We observed an EC₅₀ value of 240.39 µL/mL for the EO, which is greater than that reported by Almela et al. [35]. Mostly, the difference in the results is due to plant age, variety, and environmental conditions [7,9,11,12]. The sample PE showed an EC₅₀ of 143.90 µg/mL, a value lower than that reported by Almela et al. [35], suggesting that the PE extract has a higher antioxidant activity.

This important outcome demonstrates that by-products of EO distillation can be considered low-cost and interesting candidates to obtain natural biomolecules, indicating the potential suitability of rosemary waste products as an alternative to synthetic antioxidants.

4. Conclusions

The utilization and recycling of AMP biomass waste after the distillation of EOs represent new and interesting processes that can be exploited to improve progress towards circular economies. Consumers, due to the reduced side effects of polyphenols compared with their synthetic counterparts, generally recognize them as valuable antioxidants that can be employed in the food sector as natural preservatives. In fact, they could be used to improve the shelf life of foodstuffs, or in the cosmetic industry as antiaging agents, in order to prevent natural oxidation and deterioration.

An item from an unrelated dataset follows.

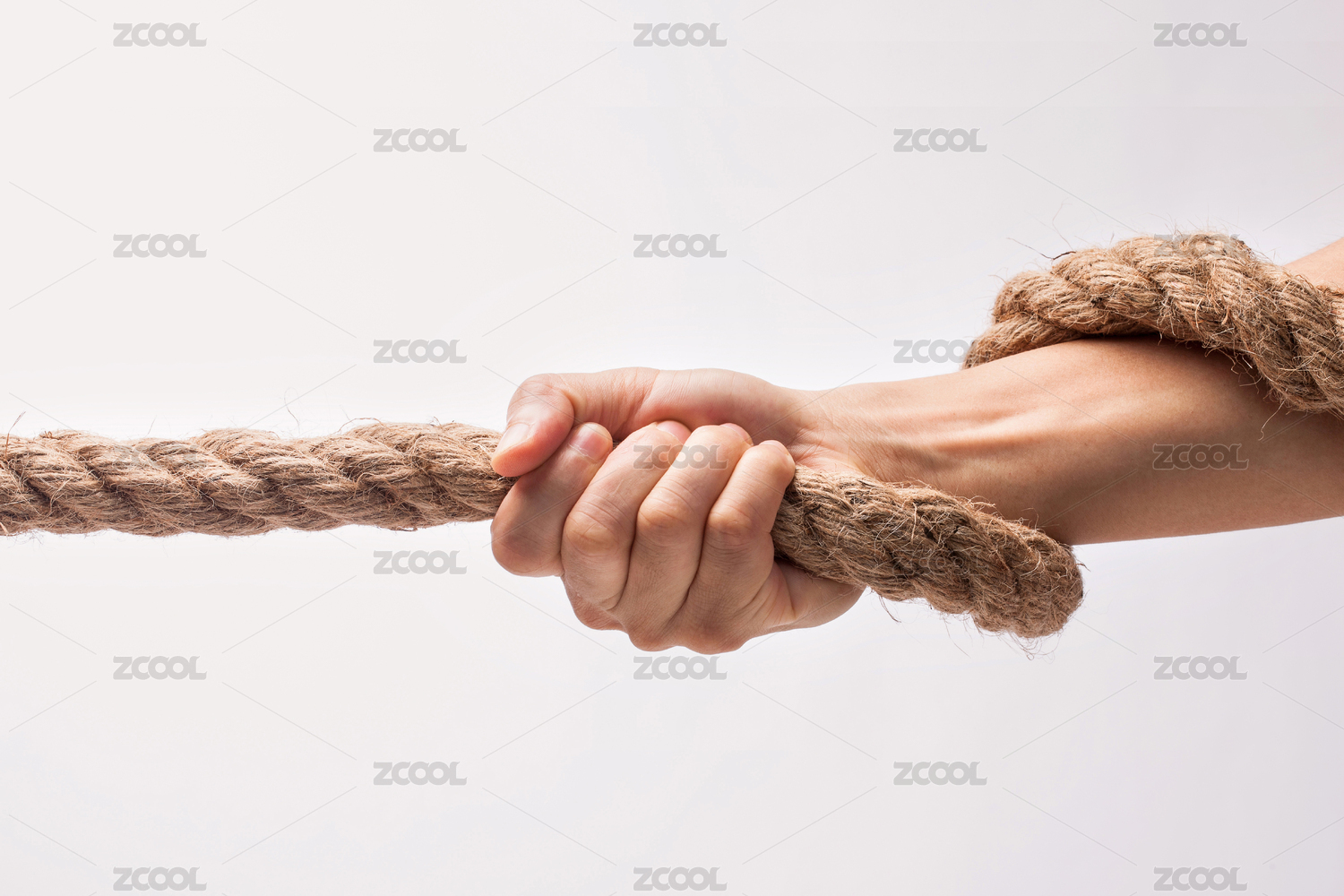 單手緊握繩索的特寫

In this context, this preliminary research on rosemary residues from the EO industry could help to significantly improve the knowledge regarding the extraction of bioactive phytochemicals, thus valorizing a by-product discarded from the distillation process. Further chemical investigations will be conducted in order to completely identify the patterns of relevant polyphenols.